Arts management involves coordinating the behind-the-scene aspects of the arts, ranging from theater to music, museums, dance and film. Many universities throughout the world offer undergraduate or graduate degrees in arts management or similar disciplines.

For any art program to be successful, the management also needs to be successful. An arts manager must be able to not only manage other employees by hiring, developing, compensating and promoting, but also requires skills in the areas of fund raising, board development and marketing. The management of human resources within arts organizations is sometimes a major challenge to arts managers.

During the 19th century, arts managers came from many different backgrounds and exhibited different styles of leadership. The most successful managers were those who used a combination of authority, charisma and entrepreneurship. These managers generally came from an upper-class background, had an adventurous early life not necessarily connected to an art discipline, were able to relate to people on a personal level and paid close attention to detail when it came to their management responsibilities. Arts managers of the early 20th century tended to be less flamboyant than their predecessors, while at the same time have more direct art experience.

The trend towards a new type of art manager, known as an arts administrator, emerged after 1960. This administrator is formally educated to run an organization, and does not rely solely on charm or personal ties to be successful. Before educational programs became available for aspiring arts managers, prospective managers needed to initiate contracts with an organization they were interested in working for via relationships with trustees, donors, actors or singers.

In 1966, Yale University and Florida State University became the first educational institutions to offer postgraduate programs in arts administration, initially in theater and later in other art disciplines. Ten years later, there were 12 such training programs and in 1981, 23 universities offered postgraduate programs in arts administration and another 13 had programs in museum administration. The program at the University of Wisconsin at Madison encompasses disciplines such as arts administration, microeconomics, budget control, marketing and statistics. Although management skills are basically the same for all art disciplines, a degree of specialization in that particular field is also required.

Art museums are complex organizations, in which managers have to deal with trustees and boards as well as curators, dealers, collectors, artists, public groups and national museum organizations. Museums usually are staffed with a museum director, an assistant director, department heads and administrative personnel. Depending on the size and budget of the museum, these jobs may be filled either by volunteers or by paid employees. The museum may be a for-profit or nonprofit organization.

Administrative staff working in fundraising, public relations or sales may need a degree or experience. Executive management positions in museums can include president, director and assistant director. Business positions in museums can include administrative director, accountant, data services manager, personnel manager and purchasing manager. Depending on its size and location, a museum may hire a store manager, food services manager, special events manager, visitor services manager, security guards and building maintenance workers.

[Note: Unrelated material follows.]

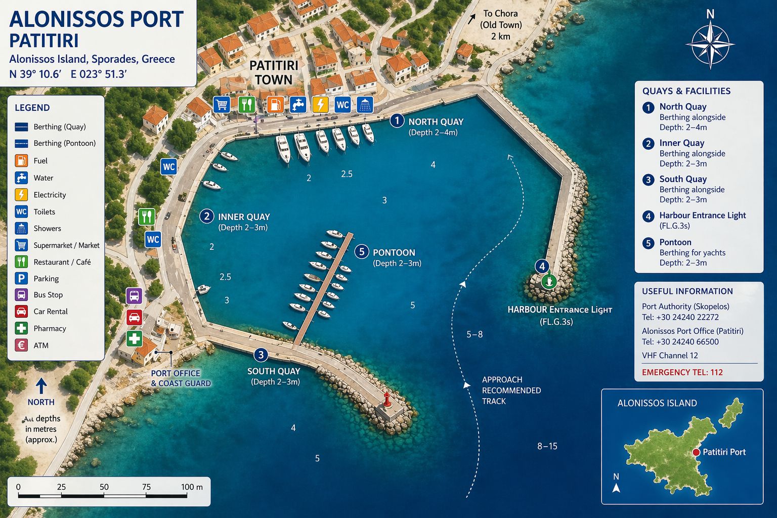 There is no full-service marina on Alonissos. Berthing is centred on Patitiri Port on the south-east coast, where vessels berth stern-to or alongside on town quays. Depths are generally 4–7 m with limited space and manoeuvring area constrained by ferry traffic. Shelter is adequate under northerly conditions but reduced under southerly winds. Water and electricity are available at quay points with metered supply.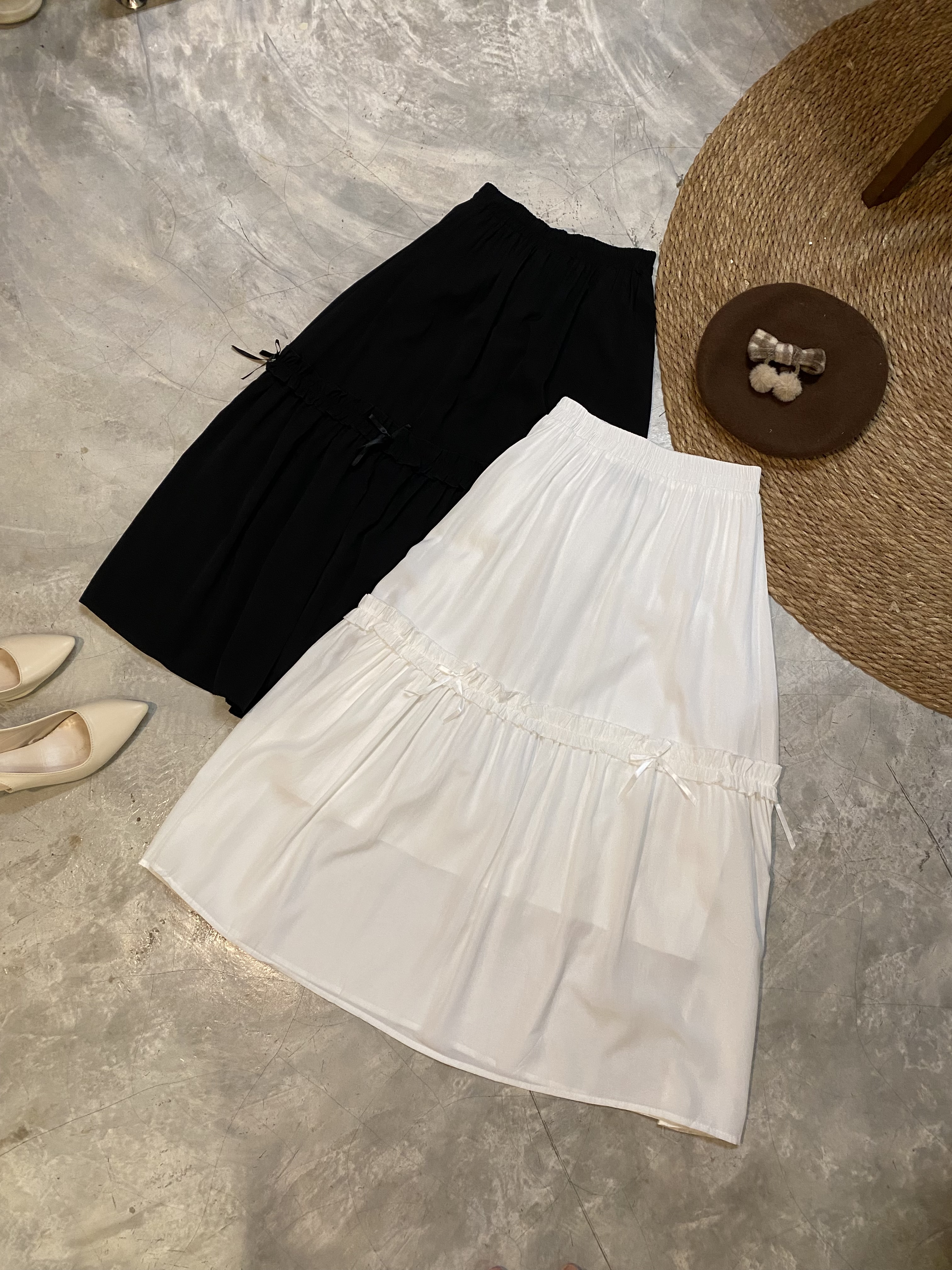 🌸4442号-甜美日系蝴蝶结飘逸半身长裙

The president of a museum could be a trustee who is a volunteer or could be paid. Sometimes the president is also known as the director or CEO of the museum. The president of the museum would need to have experience in the field and should know about administrative management and fundraising.

The director of a museum, who can also be the CEO, is in charge of the general operation of the museum. Museum directors will usually have a degree in business administration, museum studies or a different field and will have experience in management and fundraising. The director is responsible for funding, planning, staffing, supervising and coordinating activities.

An assistant director's job varies according to the type and size of the museum, and can include the same responsibilities as the director. Alternatively, the assistant director may be responsible for a specific department or activity of the museum.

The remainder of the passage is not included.